Roles, voice types, premiere cast
| Role | Voice type | Premiere cast, 23 February 1856 Conductor: Théophile Tilmant |
| Manon Lescaut | coloratura soprano | Marie Cabel |
| Des Grieux | tenor | Henri Puget |
| Le Marquis d'Hérigny | baritone | Jean-Baptiste Faure |
| Lescaut, Manon's cousin | bass | Beckers |
| Marguerite, Manon's friend | soprano | Léocadie Lemercier |
| Gervais, her fiancé | tenor | Jourdan |
| Madame Bancelin, cabaret hostess | mezzo-soprano | Mme Félix |
| Monsieur Durozeau, commissaire | baritone | Lemaire |
| Monsieur Renaud, Inspector | baritone | Nathan |
| Zaby, a young slave | soprano | Mlle Bélia |
| A Sergeant | bass | Duvernoy |
| Two bourgeois |  |  |
Court nobles, Bourgeois of the Boulevard du Temple, Soldiers, Male and female workers; Inhabitants of New Orleans, negroes, colonial soldiers

== Synopsis ==
The story only loosely resembles the original novel by Prévost (where, for instance, Lescaut is Manon's brother, not her cousin). There is one character – the Marquis d'Herigny – who represents the several wealthy suitors that Manon became involved with in the novel. Some other characters are absent entirely, and others are completely new to this telling of the story.

== Music ==
The role of Manon Lescaut is a demanding one, with a very high tessitura, extended florid passages and arias of outstanding technical difficulty. Nonetheless, it also presents great opportunities for characterisation and (at least before the appearance of the operas on the same subject by Puccini and Massenet) was one of the staples of the operatic repertoire – not only in France, but also in Germany.

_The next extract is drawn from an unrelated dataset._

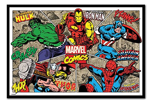 -. Title : Marvel Comics Character Burst Poster Magnetic Notice Board Black Framed - 96.5 x 66 cms (Approx 38 x 26 inches)
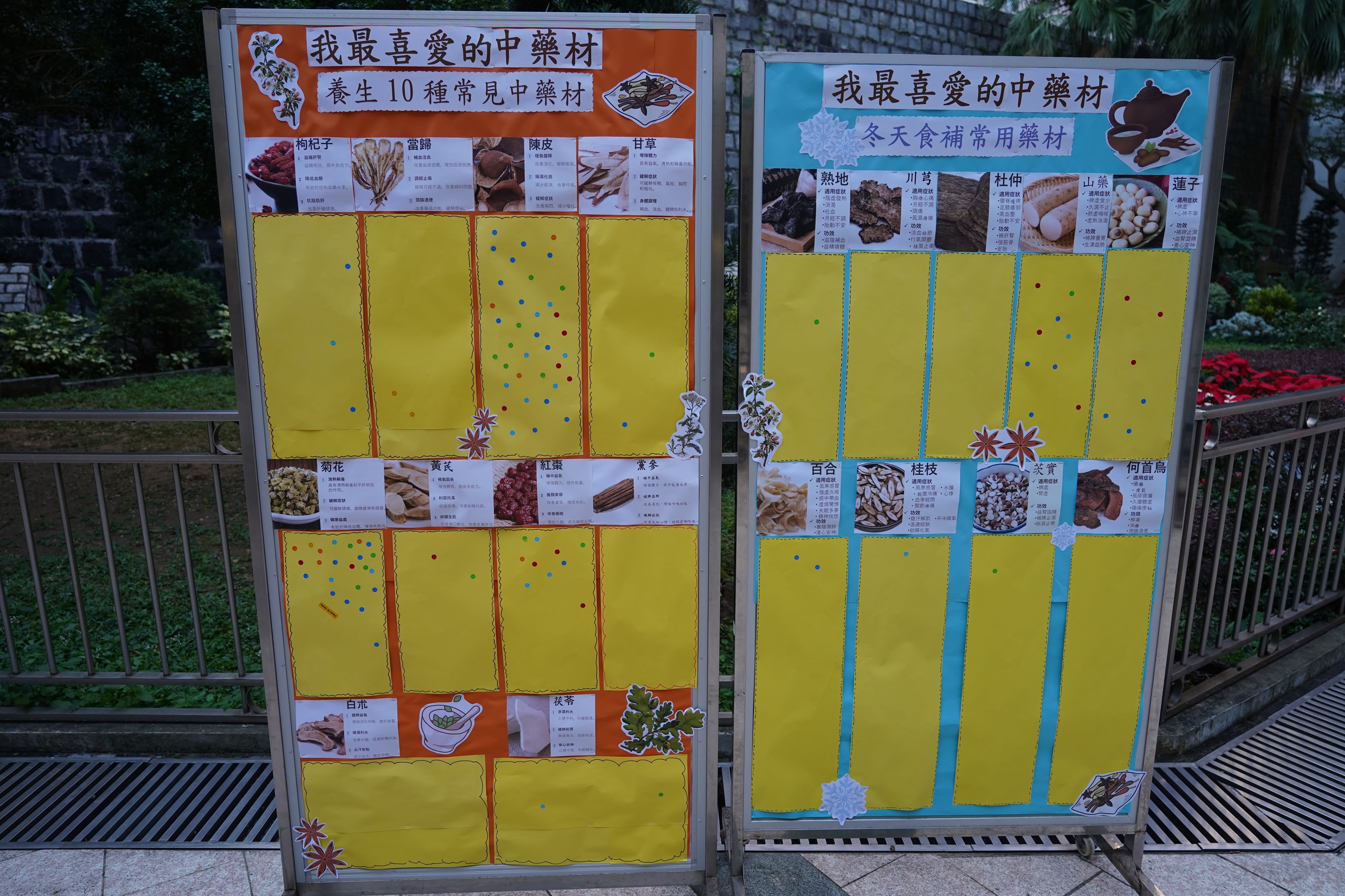 為了配合學校中草藥園的設立,以及五年級中文科單元主題「仁心濟世」,中文科於11月舉行了一連串跨學科活動,而其中就有一個展示中草藥的活動,讓學生認識各種中草藥的名稱及功效。

The role of the Marquis d'Herigny, written for the famous baritone, Jean-Baptiste Faure, also features several significant solos; but the tenor role of Des Grieux (given two major arias by Massenet and three by Puccini) lacks a major solo, although the character does participate in a series of fine duets, notably at the death of Manon near the end of the opera.

One number in the score has retained its popularity with coloratura sopranos. This is Manon's solo, "C'est l'histoire amoureuse", also known as "L'éclat de rire" or the "Laughing Song". It is not a free-standing aria – in fact, it forms part of the act 1 finale – but ever since its creation it has been a chosen showcase for the technique of singers such as Adelina Patti (who sang it during the lesson scene in The Barber of Seville), Amelita Galli-Curci, Joan Sutherland and Edita Gruberová.

==Recordings==
- Manon Lescaut – Mady Mesplé, Jean-Claude Orliac, Peter-Christoph Runge, Yves Bisson – Choeurs et orchestre lyrique de Radio France, Jean-Pierre Marty (conductor) – EMI (recorded in October 1974).
- Manon Lescaut – Elizabeth Vidal, Alain Gabriel, René Massis – Les Choeurs du Théâtre Français de la Musique, the Orchestre Régional de Picardie Le Sinfonietta, Patrick Fournillier (conductor) – Le Chant du Monde (recorded live in 1990, released in 1991).